The benefits of managing data in the cloud are clear:
- Quick and easy software updates, as they can remain managed from a centralized source;
- A global and integrated vision of all the workflows and teams connected to the cloud, which allows making decisions both at a worldwide and local level;
- A central place with all the data for further optimizations.
Data Management Limitations
on the cloud
But this bright new future also has its downsides. With the overall transition to IoT and cloud-connected machinery and logistics, new challenges await us. Today, when real things, such as cars, buildings and turbines, come equipped with a digital twin, more data remain collected for processing in cloud data management applications.
For example, if vibrations in a machine get out of control, they can easily cause a chain reaction, capable of disabling the entire production line. Consequently, modern control systems come with an increasing number of sensors placed in the machine’s key parts, which are in charge of detecting these vibrations and sending their data to the operating system, in the cloud, for continuous analysis and specificity. Imagine all these little sensors producing data in an industrial production environment – the data load is enormous.

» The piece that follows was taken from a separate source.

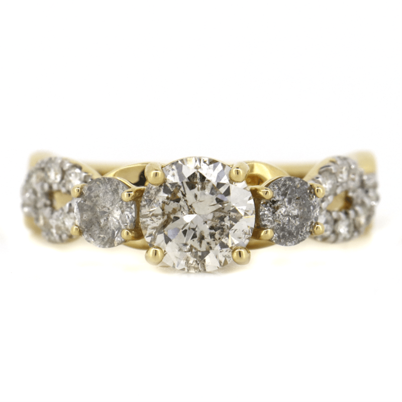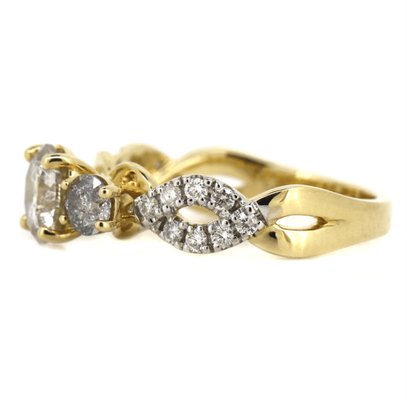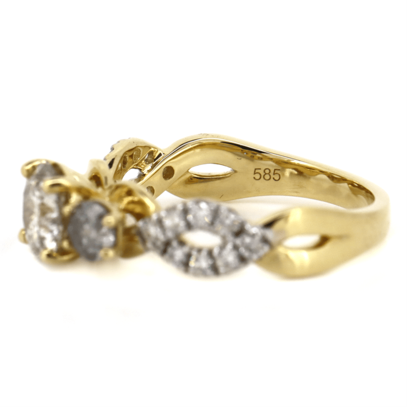 14K YELLOW GOLD AND DIAMOND, TRILOGY TWIST BAND RING. The Centre Features, One Round Brilliant Cut, Diamond (1.05Ct, H-I Colour, I2 Clarity), Claw Set. Flanking The Centre Are, 2 Round Brilliant Cut, Diamonds (0.43Ct Tdw, H-J Colour, I3 Clarity), Claw Set. Decorating The Twist Band Are, 16 Round Brilliant Cut, Diamonds (0.23Ct Tdw, H-J Colour, Si-I1 Clarity), Bead Set. Ring Size M 1/2. Valuations Provided by an Independent Third-Party Professional Not Directly Associated With Lloyds Auctions at AUD $$28,800.00This valuation has been conducted by an independent third-party professional. The valuation amount is an assessment by the issuing valuer and does not reflect the auction value of the item. Any inquiries regarding the valuation should be directed to the issuing valuer (refer to contact details on the certificate), as Lloyds Auctions has no affiliation or influence over the valuation, the valuer, or the stated amount. Condition: Good - Refer Images 0645967+51

And that is where one of the main challenges of managing data in the cloud appears. If you are working with data processing in the cloud,
There are likely to be several drawbacks:
- Physical limitations of data transfer (still bits and bytes cannot travel faster than light!);
- Dependence on network availability (when the network goes down, control and optimization from the cloud also goes down);
- Data loading (even at high speed, a data transfer of this magnitude is too slow);
- Data privacy (there is data that industrial companies do not feel comfortable sharing in the cloud);
- Cybersecurity (the transfer of data within systems in the cloud always offers a vulnerability to theft. So the transfer of data in systems that operate in the cloud remain generally confined to uploading data. Since the download is still more sensitive to cyberattacks).
Handling a large data load is easier when the data remain processed locally. Are we ready for a revival? Is the wave of computing history reversing towards local data processing? Yes and no. And that’s where edge computing comes in.
The computing edge is not new. The biggest players in computing, such as Cisco, have used it for years and its sister in fog (fog). The real innovation has to do with the latest integration with industrial production processes and their optimization within systems that operate in the cloud.
Edge applications, such as Analyze MyWorkpiece, offer the ability to collect and analyze data close to where it devises within the production process. For example, Siemens remain also integrated with MindSphere. An operating system from IoT in the cloud. In edge computing, data processing is not exclusive to the core of the cloud. Still, it fundamentally occurs at the periphery, the edge of the Internet, where it comes into contact with the physical world.
Integrating edge computing in industrial clouds enables us to take advantage of the benefits of cloud systems. Such as quick and easy software updates while taking advantage of local data processing, at the same time, such as data security, rapid application reactions and the control environment within an industrial production process.
Why is Industrial Edge Computing the Solution?
There is a lot of enthusiasm for industrial edge computing, even though a few concerns arise:
- The risks of implementing digitization;
- The acquisition of a niche solution with little scalability;
- Investing in a prototype that doesn’t work for all machines.
But with industrial edge applications, these concerns are easy to address. They offer fully integrated, deployable, and cost-effective solutions on critical issues such as maintaining privacy and dealing with heavy data loads, achieving the improvements promised by digitization while leveraging data management in the cloud.